Mehak Dua: It is important to me to be at an institution that can shape what is happening in the industry, one that is also credible and ethical. While there is always pressure to generate shareholder value – everyone is in the business of generating profit – you have to do it in a manner that does right by the people you serve. It is a tough sector, a sector that the public tends to point fingers at when the economy is not doing well, but it’s a sector we can’t do without.
Rhodes Project: Can you give me an example of what these institutions could do to make their practices more credible or ethical?
Mehak Dua: Financial institutions need to make sure that the “know your customer” process isn’t just a formality; they need to take the time to get to know the objectives and the financial background of the customers they are trying to serve without pushing product on them. This was the root cause of the 2008 financial crisis, when consumers who couldn’t afford home loans and other products were enticed to borrow beyond their means.

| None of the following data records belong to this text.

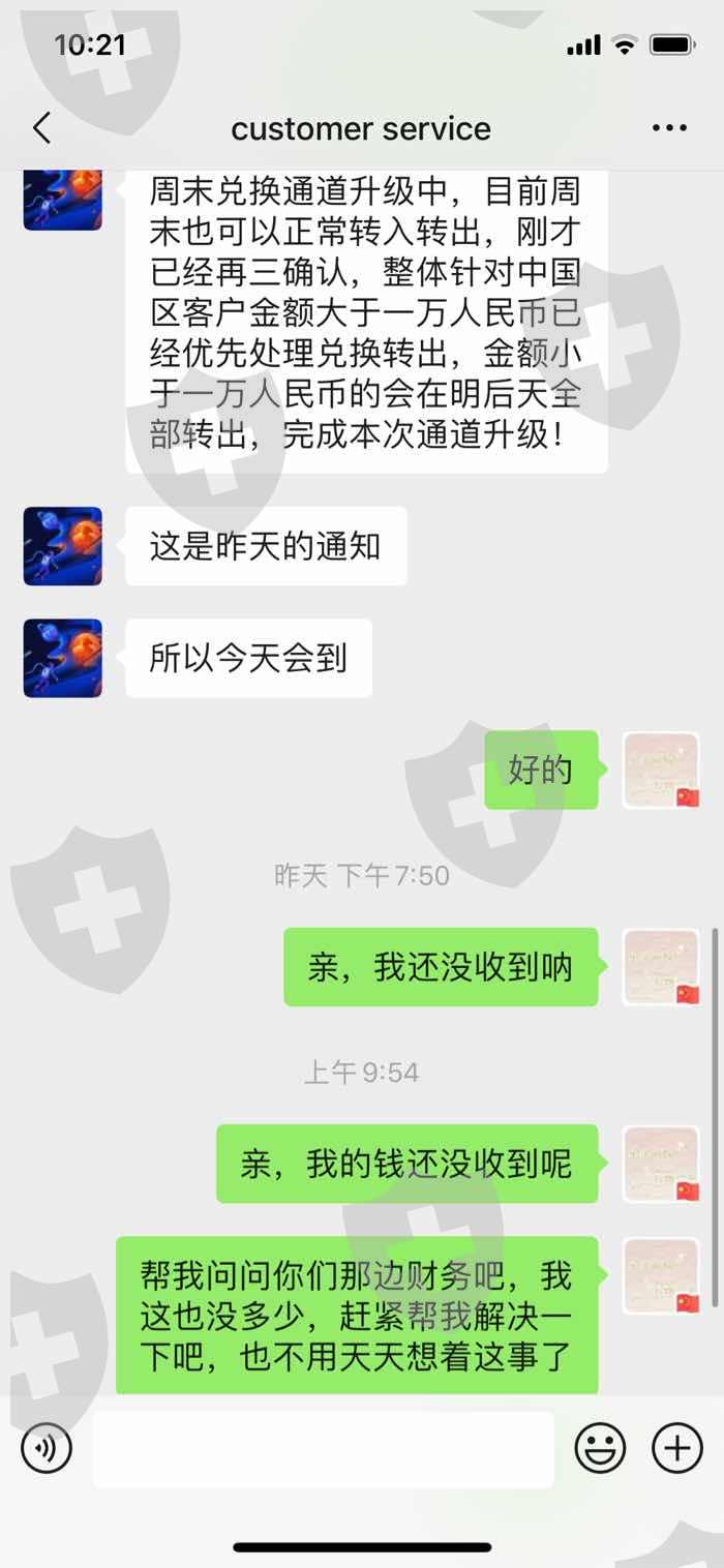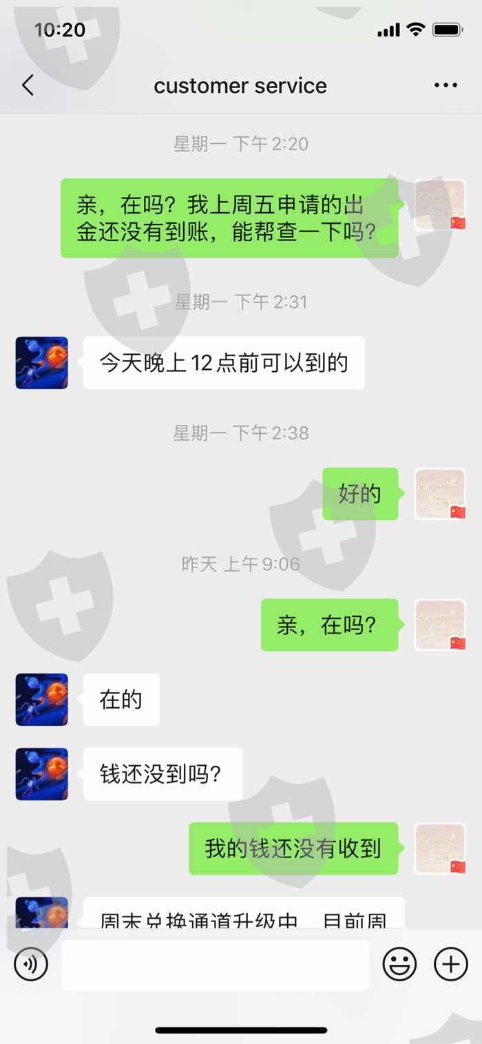 周五申请出金,周一时账户出金记录显示已出金并打款,但是迟迟未收到钱,询问客服,客服以通道升级为由推脱,今天客服已经没有任何回复
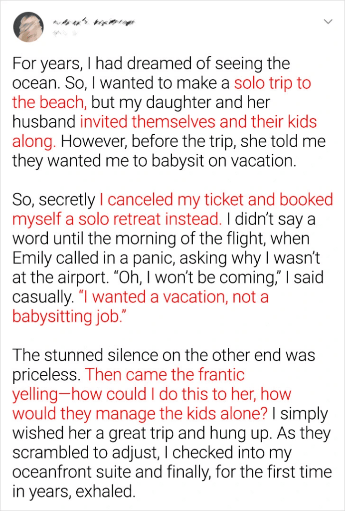 One reader recently shared her story—what was meant to be a relaxing vacation turned into a nonstop childcare marathon. Her daughter invited herself and her family on the trip, but instead of spending quality time together, it quickly became clear that grandma was expected to be the full-time babysitter.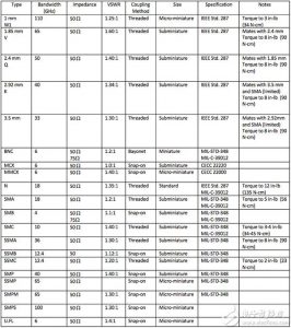 美國(guó)HP早在幾年前就已推出頻率已到110GHz的RF連接器。國(guó)內(nèi)通用產(chǎn)品使用頻率不超過(guò)40GHz。軟電纜使用頻率不超過(guò)10GHz,半剛電纜不超過(guò)20GHz。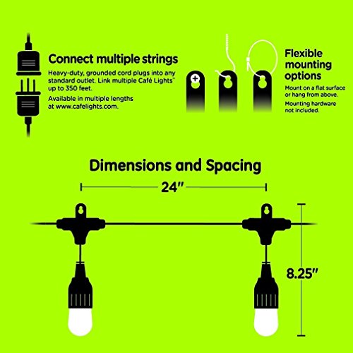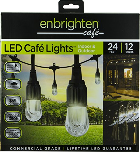 Enbrighten Café LED String Lights (24 ft.), 12 Lifetime Bulbs, Premium, Weatherproof, Shatterproof, Commercial Grade, UL Listed [並行輸入品]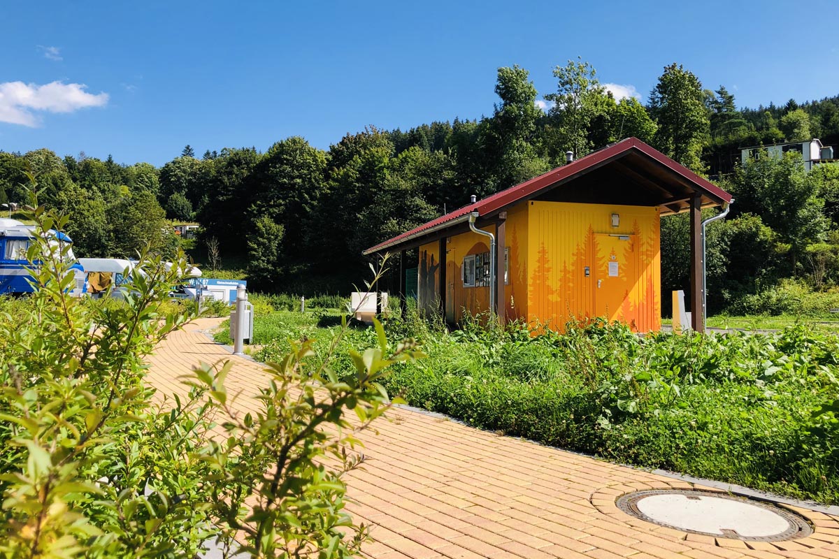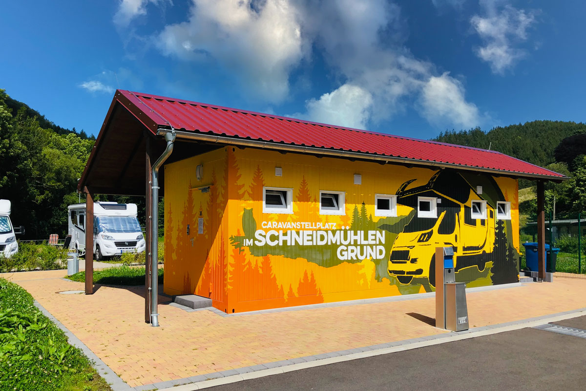 Unser 2019 neu errichteter Wohnmobilstellplatz liegt im Grünen am Ortsrand Kleinschmalkaldens und bietet eine gehobene Ausstattung. Auf dem Stellplatz stehen acht Parkplätze für Wohnmobile zur Verfügung. Ein modernes Funktionsgebäude mit barrierefreiem Zugang zu Duschen und Toiletten steht zur Nutzung bereit, außerdem gibt es Platz zum Spielen und eine Grillmöglichkeit.
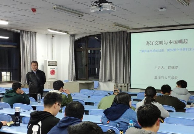 最后,赵栋梁教授告诫各位学生,不仅要学好数物知识,也要对海洋知识拥有深刻认知。中国崛起在认知学习海洋文明中,我们也要在学习海洋文明中努力成为未来相关领域的栋梁。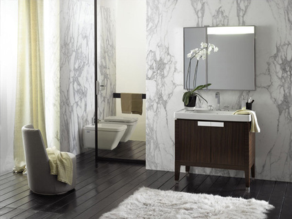 To łazienka inspirowana architekturą antyczną oraz secesyjną. Styl retro wzbudza poczucie ogromnego luksusu. Dobór odpowiednich materiałów, dodatków podkreśla wyszukany, bardzo elegancki styl łazienki. Ponieważ charakter łazienki odwołuje się do czasów starożytnych najczęściej stosowanymi kolorami są czernie, brązy oraz beże. Klasycznego smaku nadadzą marmury oraz mozaiki.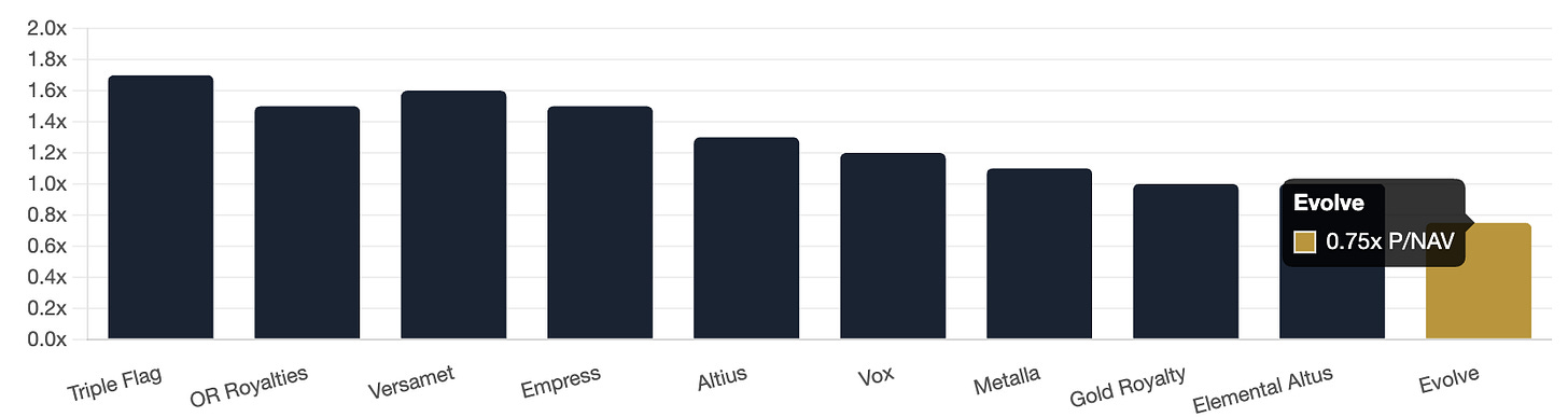 Gold Royalty and Elemental Altus trade at or above 1.0×. Triple Flag and Versamet sit at 1.5–1.7×. Thus the NAV discount applied to Evolve is not subtle.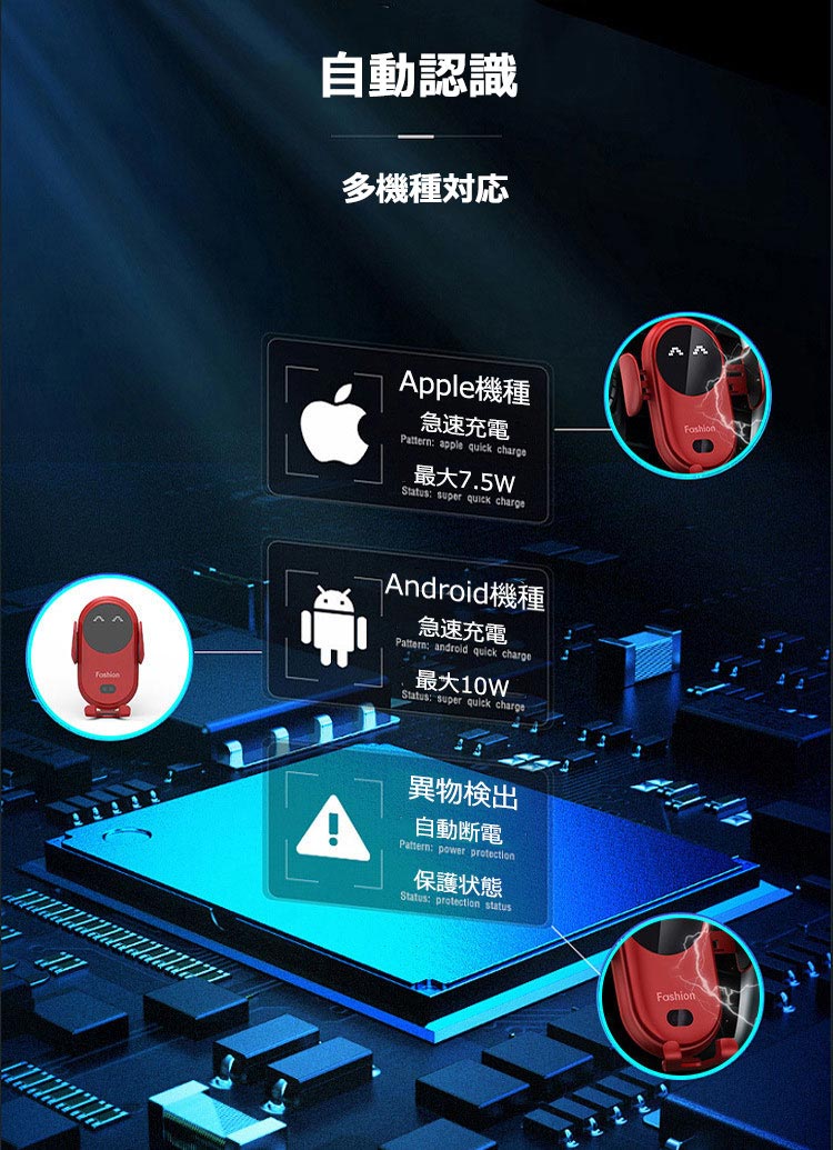 商品紹介 Qiワイヤレス急速充電車載ホルダー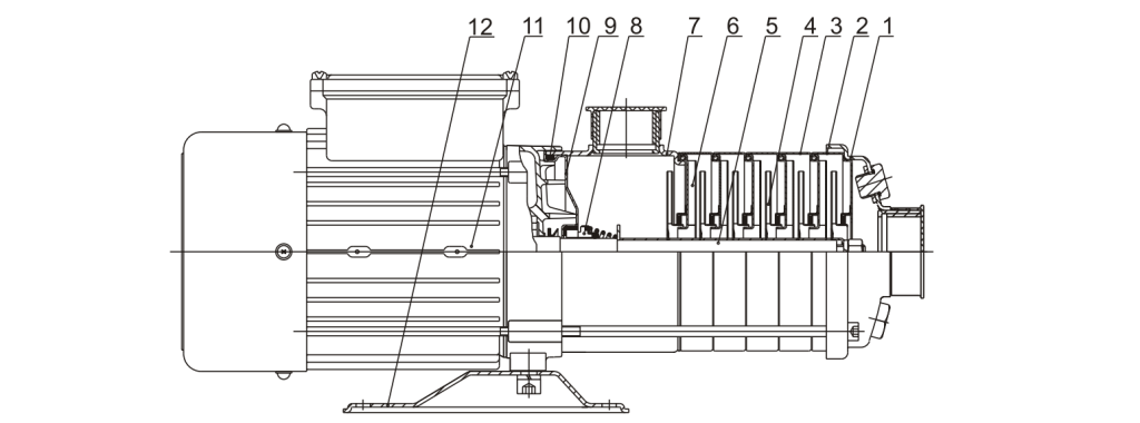 Насос Wellmix CUC 8-25T BQCE (3х380В 1.5 кВт) (11019970) является нормальновсасывающим многоступенчатым центробежным насосом, с осевым всасывающим и радиальным напорным патрубками.Насосы CUC состоят из двух основных частей: электродвигатель и насосный агрегат. Промежуточные камеры соединены между собой, а также с основанием и головной частью насоса при помощи стяжных болтов.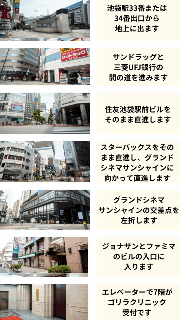 ここでは【ゴリラクリニック池袋院】の所在地、アクセス方法、営業時間など、基本情報をご紹介します。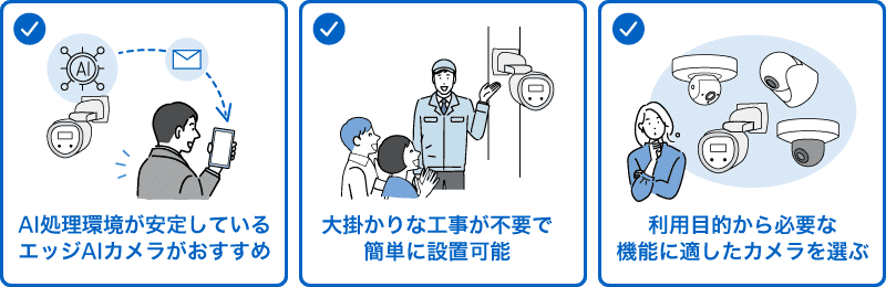 さまざまな分析ができるエッジAIカメラですが、選ぶ際には用途に合うものを選ぶことがポイントです。製品によって機能は異なるため、利用の目的を明確にしてから、必要な機能とともにより適したカメラを選びましょう。導入においては、コスト面の比較も外せません。エッジAIカメラはサーバー型のAIカメラと比較して初期費用がかかりやすい難点がありますが、長期的に見るとコスト削減につながることが期待できます。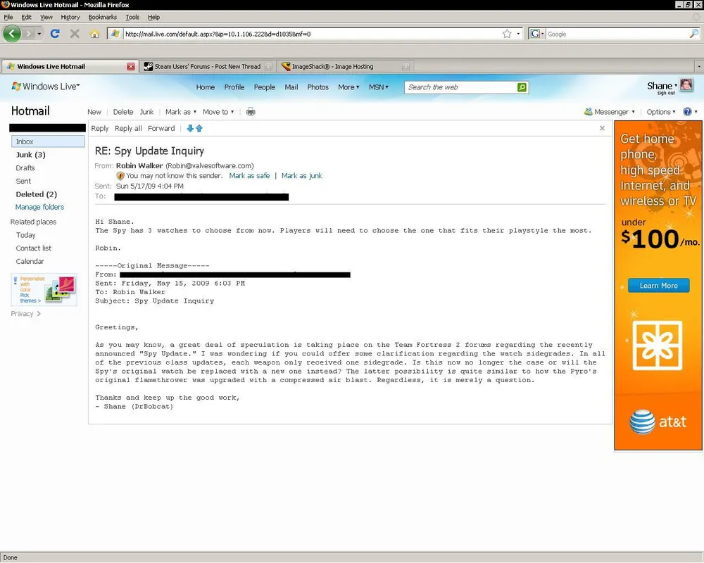 Один фанат TF2, Dr. Bobcat, написал письмо Робину Волкеру, в котором задал несколько вопросов о новом оружии Шпиона. Робин ответил, что у Шпиона будет три устройства для невидимости: стандартные часы, "Звон смерти" и "Невидимый кинжал". Игроки смогут выбрать лишь одно из них.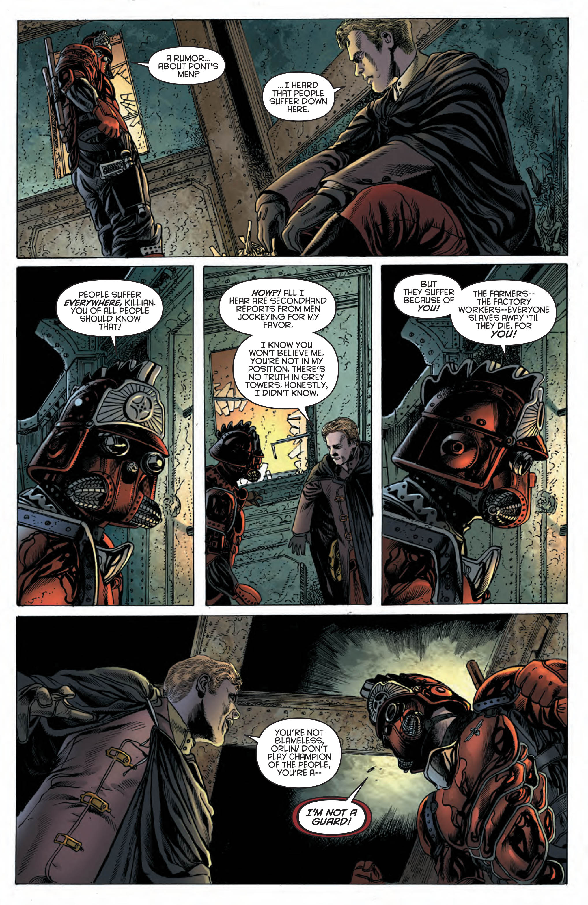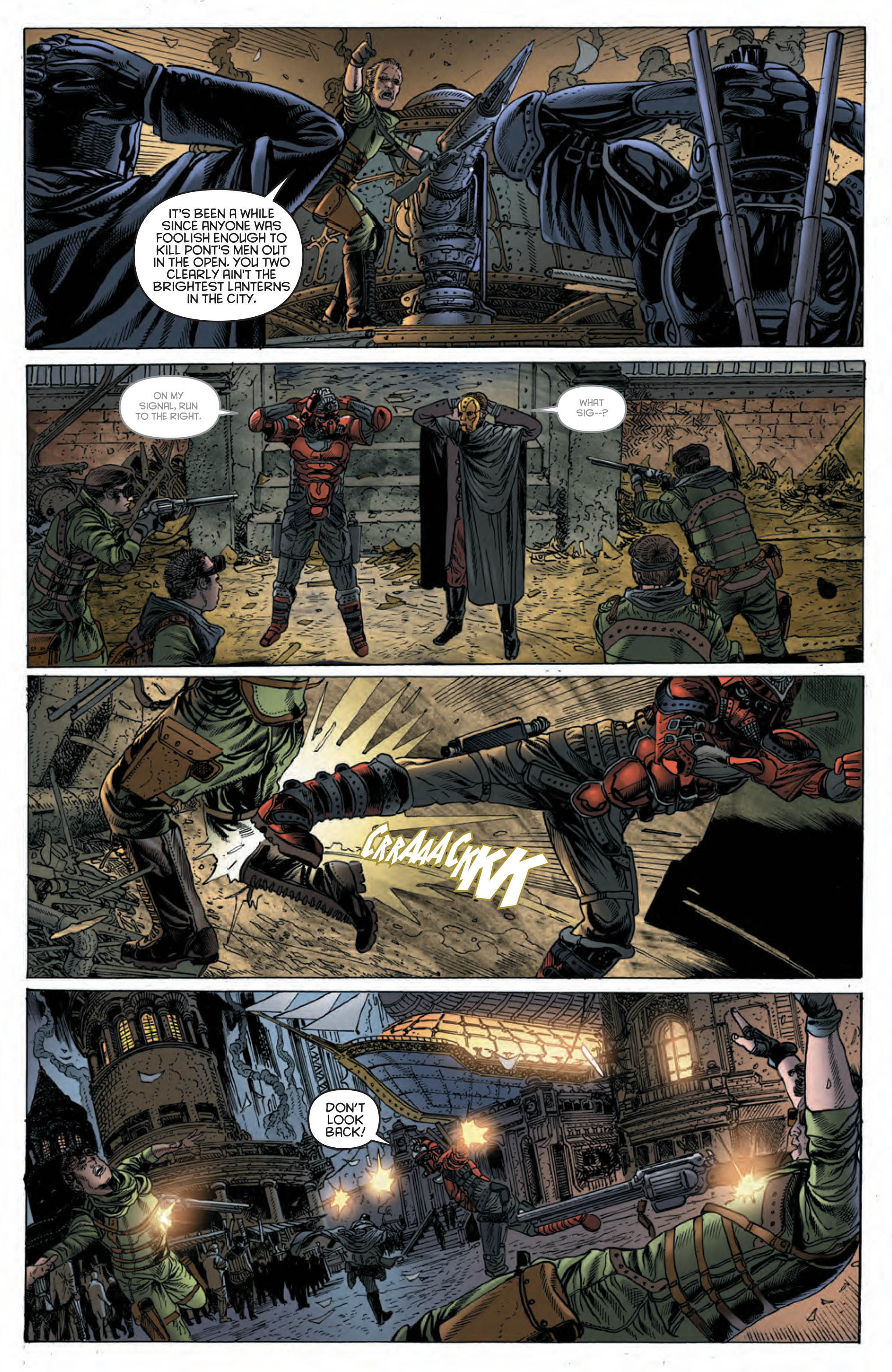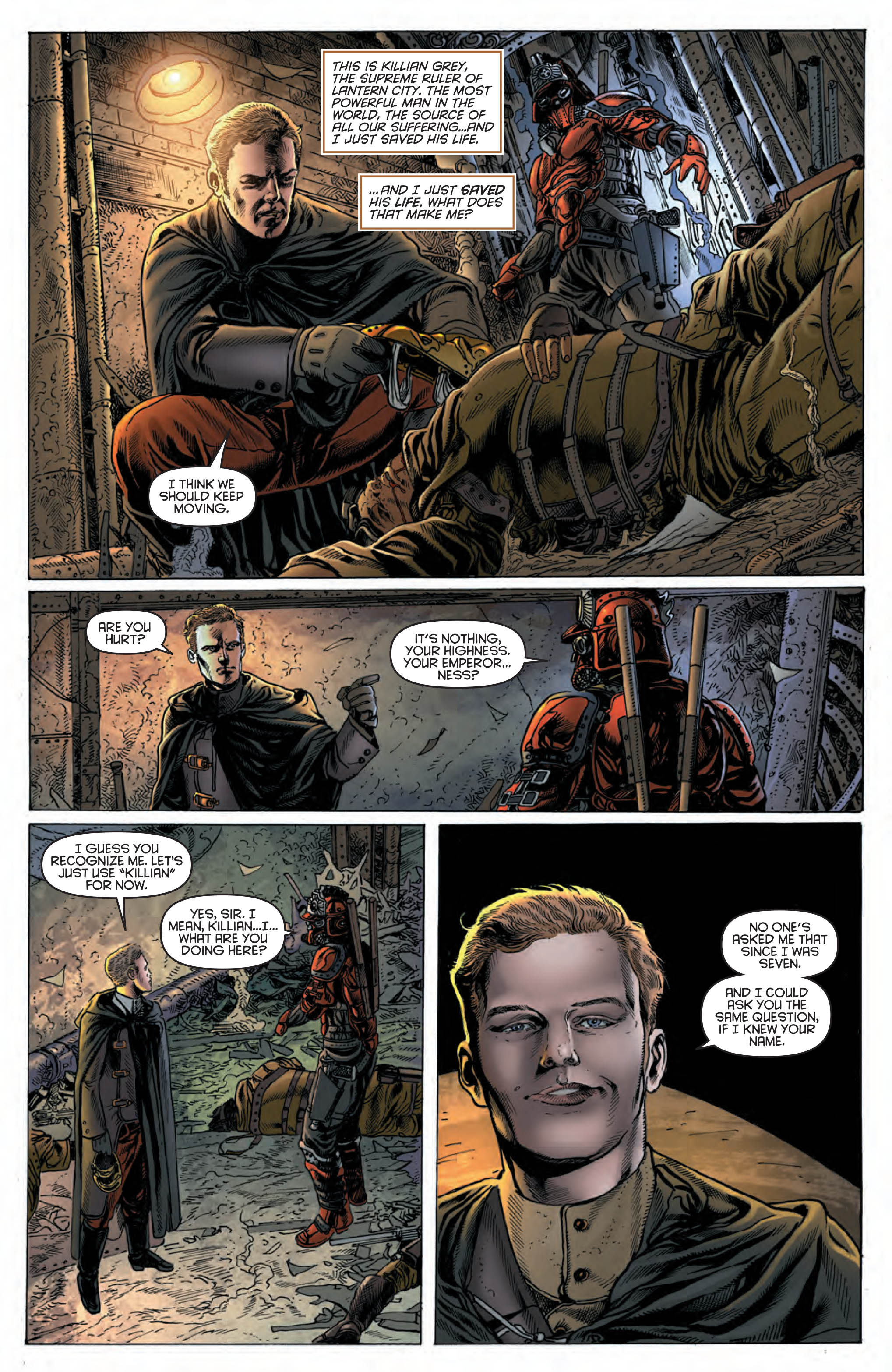 Synopsis: Sander Jorve thought that infiltrating the brutal Guard of Lantern City would help his family and his cause. He was wrong. After a chance run-in with the Emperor of the city, Killian Grey, Sander finds himself promoted to the Grey Guard, working directly under Killian in the heights of Grey Towers. The luxury is unparalleled, but can Killian be trusted? Can Sander trust himself? Nowhere in Lantern City is safe…and the imperial court may just be the most dangerous place of all. Collects issues #5-8 of the steampunk epic.

Rhodes Project: How has your complex understanding of finance and business affected your personal relationship with money?
Mehak Dua: It should be much better than it is at the moment! I don’t know if it is by virtue of being Indian, but I like the comfort of having a liquid amount of cash available. Although I advise institutional investors on how to sensibly invest, I need to get better at doing so myself.
Rhodes Project: Can you tell me about an achievement that you’re proud of?
Mehak Dua: When I moved to New York, I met the three little daughters of the concierge in our building. I started talking to them, then mentoring them and am now helping them with college applications. It is a very informal relationship that I didn’t seek actively. When I worked at Goldman Sachs, I had very little free time – time to sleep and then get back to the office– so I am proud to have developed this relationship in spite of my job.
Rhodes Project: What most inspires you?
Mehak Dua: I am inspired by women who have managed to get to a place where they can influence and charter the direction of the organization they are in, while at the same time maintaining a fulfilling family life. If you are able to balance those two without having conflicting objectives all the time, that is really inspiring. I will strive to do that myself one day.
Rhodes Project: What is a memorable learning moment that you have had recently?
Mehak Dua: A few weeks ago, I was reminded of something that I’ve always known, but is often easy to forget - never underestimate how much the person you are speaking with knows. People can surprise you. Start with a blank sheet and don’t judge people before you’ve sat down with them, both in one’s professional and personal life.
Rhodes Project: Tell me about a meaningful journey you have been on, either physical or emotional.
Mehak Dua: Every time I get on a flight back to New Delhi, where I am from, it is very meaningful. I visit home every year and it is always an emotion-filled journey that gets me thinking.
Rhodes Project: What do you miss most about India?
Mehak Dua: I miss the energy that you feel in the street, it is very vibrant. I miss the entrepreneurial spirit of the people; there is no place as creative as India. Everyone is trying to market and sell products. They may do it to make ends meet, but they are doing it in the most creative way.